Глава 16
14 сентября 2022, 09:37
Какёин совсем плохо спал. Прошло два дня с тех пор, как его душевный покой был нарушен чужим признанием в чувствах. Отсутствие качественного сна слишком сильно сказывалось на продуктивности, и за это художник ненавидел себя.
Рассеянность внимания вела к испорченным деталям. Во всем. Как в повседневной жизни, так и в искусстве.
Пролитый кофе, который приходилось вытирать с утра, опаздывая на пары. Забытый ватман. Дрогнувшая при изображении линии губ рука. Выроненная на пол палитра.

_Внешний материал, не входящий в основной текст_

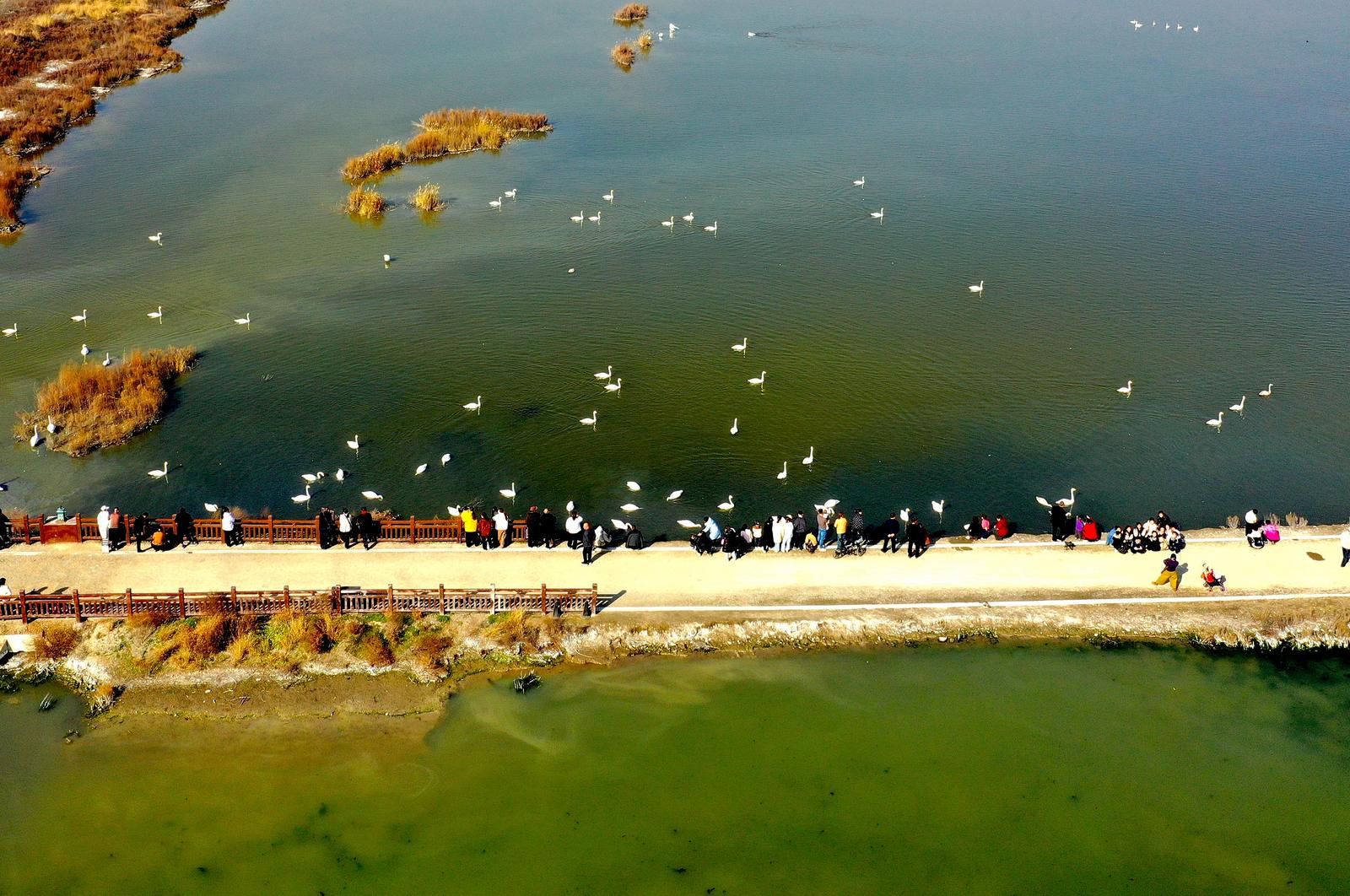 11月28日,在山西运城盐湖,三五成群的白天鹅或在水面嬉戏,或展翅翱翔,吸引了众多游客前来观赏。
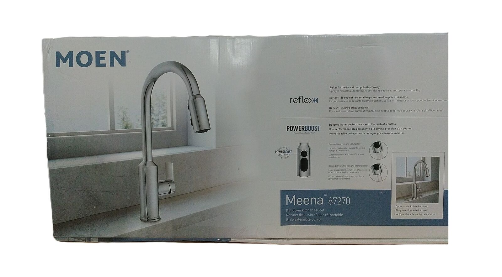 From intimate galley kitchens to large gourmet workstations, Meena faucets bring a refreshed look to your home. Simple lines create the contemporary style, while a pulldown wand delivers in-demand functionality. Featuring MOEN exclusive Power Boost technology, Meena has a 4-function pulldown spray wand with standard stream and spray, as well as boosted stream and spray modes.
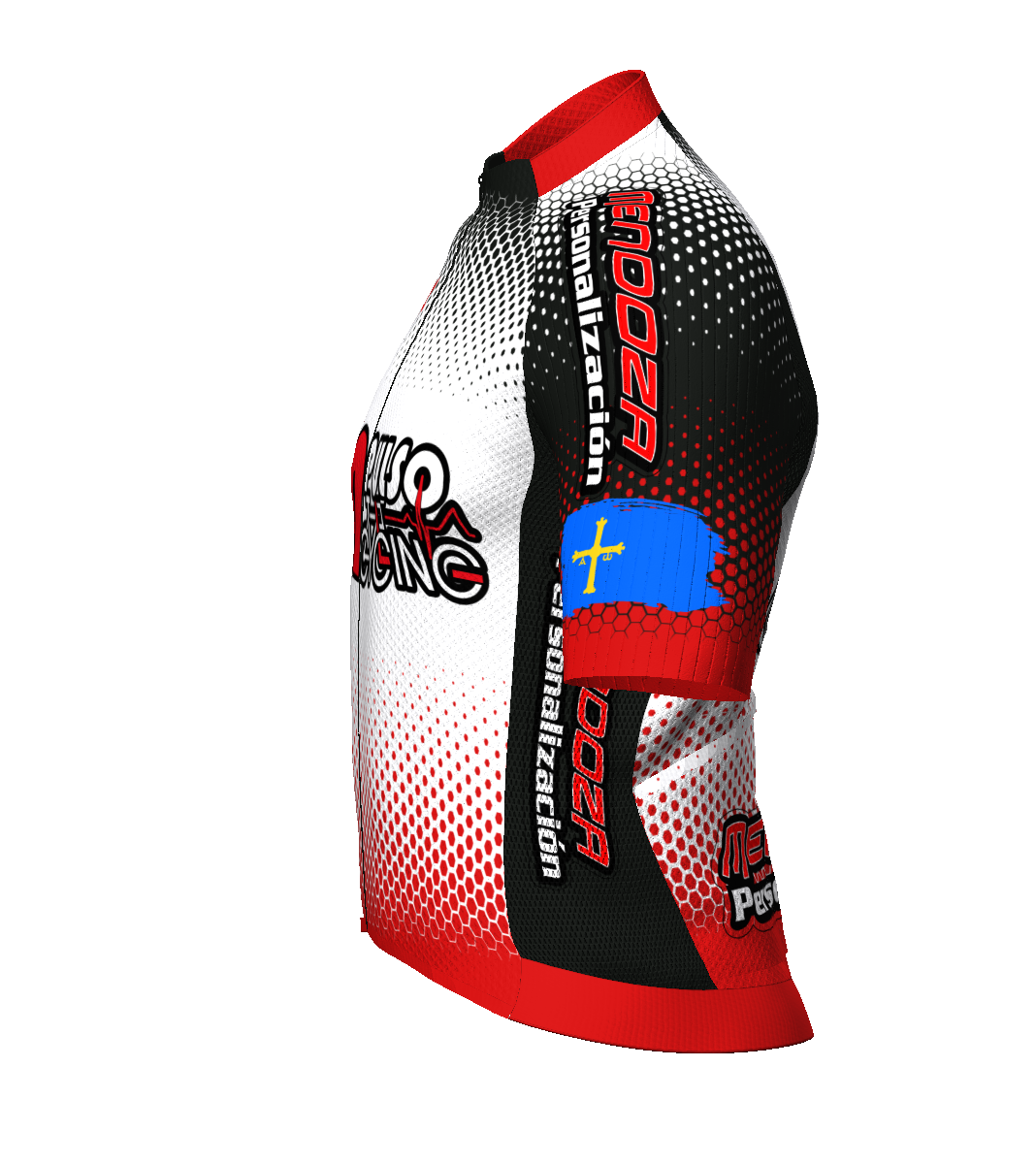 - IBS. Patronaje adaptado a la postura de ciclismo (hombros y escápulas hacia delante). Malla súper elástica bajo hombros/axilas para facilitar los movimientos de los brazos.

Во время ужина чайная ложка выпадает из рук и со звоном ударяется о паркет. Нориаки с трудом проглатывает вязкий горчащий ком, вставший в горле.
Мыслей нет и их слишком много. По пути до университета Какёин считает машины и сбивается на третьей. Он не замечает развязавшихся шнурков на ботинках. Часто сталкивается с людьми и в целом осознает, что уровень неловкости его взаимодействий с окружающими возведен в куб по сравнению со стандартным. Он забывает поливать свои растения.
Горящие дедлайны и неспособность хоть что-нибудь сделать качественно заставляют его сидеть до поздней ночи. Он выходит на балкон и только и делает, что пялится вверх: там горит свет. Оттуда разносится запах табачного дыма и слышатся тяжелые выдохи. Чужих глаз не видно от слова совсем.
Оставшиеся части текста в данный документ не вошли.